Dopo averlo asciugato torniamo lentamente a casa, assorti ognuno nelle nostre riflessioni. Lui cammina come sempre al ritmo dei suoi pensieri e posso intuire dalla sua andatura la serenità o la turbolenza delle fantasticherie su cui è concentrato: di solito quando, come adesso, è stanco, cammina lentamente, raccolto in se stesso. Talvolta però all’improvviso nel suo incedere lento avviene una fulminea accelerazione, l’espressione degli occhi cambia, diviene più vivace, il viso accenna a un sorriso divertito e comincia a camminare così insolitamente in fretta che quasi fatico a stargli dietro: devo accelerare il passo per inseguire il corso diverso che hanno preso i suoi pensieri. Ecco che anche adesso succede, chissà cosa sta immaginando, forse una scena comica, o forse di lotta, un combattimento in cui sta sfidando un Pokemon o dando la caccia ad un feroce squalo, oppure è in mezzo a una foresta alle prese con la malvagia tigre dai denti a sciabola. Può darsi che invece sia su una nave che solca l’oceano, o in un misterioso laboratorio in cui sta escogitando un metodo per sottrarre una pericolosissima pozione a inventori e scienziati malvagi. Chissà in quale complicata missione è coinvolto in questo momento.

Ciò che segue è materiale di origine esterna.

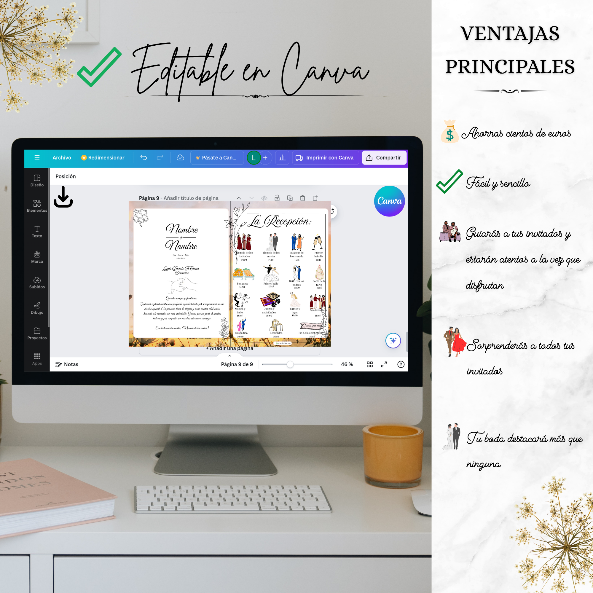 El fondo es una fotografía de un campo cálido lleno de flores, con detalles negros y flores Aesthetic que aportan contraste y elegancia, ideal para bodas con una estética cálida y sofisticada.

Il senso della vita, penso seguendolo con lo sguardo nella sua misteriosa avventura mentale, è in questa sintonia che avverto tra noi, in questo sentirmi in contatto con lui semplicemente guardandolo o camminandogli accanto.
Il senso della vita è in quello che riesco e riuscirò a trasmettergli di me, è nei ricordi che si ritroverà in futuro e per sempre.

Sono trascorsi vent’anni da allora e siamo ancora qui tutti e due: io non sono morta e lui non è scomparso tra le onde. E’ qui davanti a me stasera, come infinite altre volte, e lo guardo mentre parla. Ogni tanto mi stupisco ancora nel constatare che è diventato un uomo, anzi non riesco a considerarlo un uomo, mi rimane più facile dire che è un ragazzo, con ancora più riccioli neri, una “gran bella testa”, perché sta realizzando i suoi progetti ed è ricco di entusiasmo e di aspirazioni.
Lo ascolto e mi intenerisco, mi commuovo quasi, per l’amore che provo, ora come allora, e mi sento felice ed orgogliosa per come è diventato.
Mi domando quale parte abbia svolto io in questo processo e sarebbe impossibile rispondermi, ma quel che conta è che lui è qui a parlarmi di sé e che l’intesa e l’armonia sono le stesse di allora.
Il senso della vita è in questo momento in cui lo ascolto e immagino il suo futuro, sperando intensamente che accada come nei suoi giochi di bambino, in cui tutto finiva sempre bene.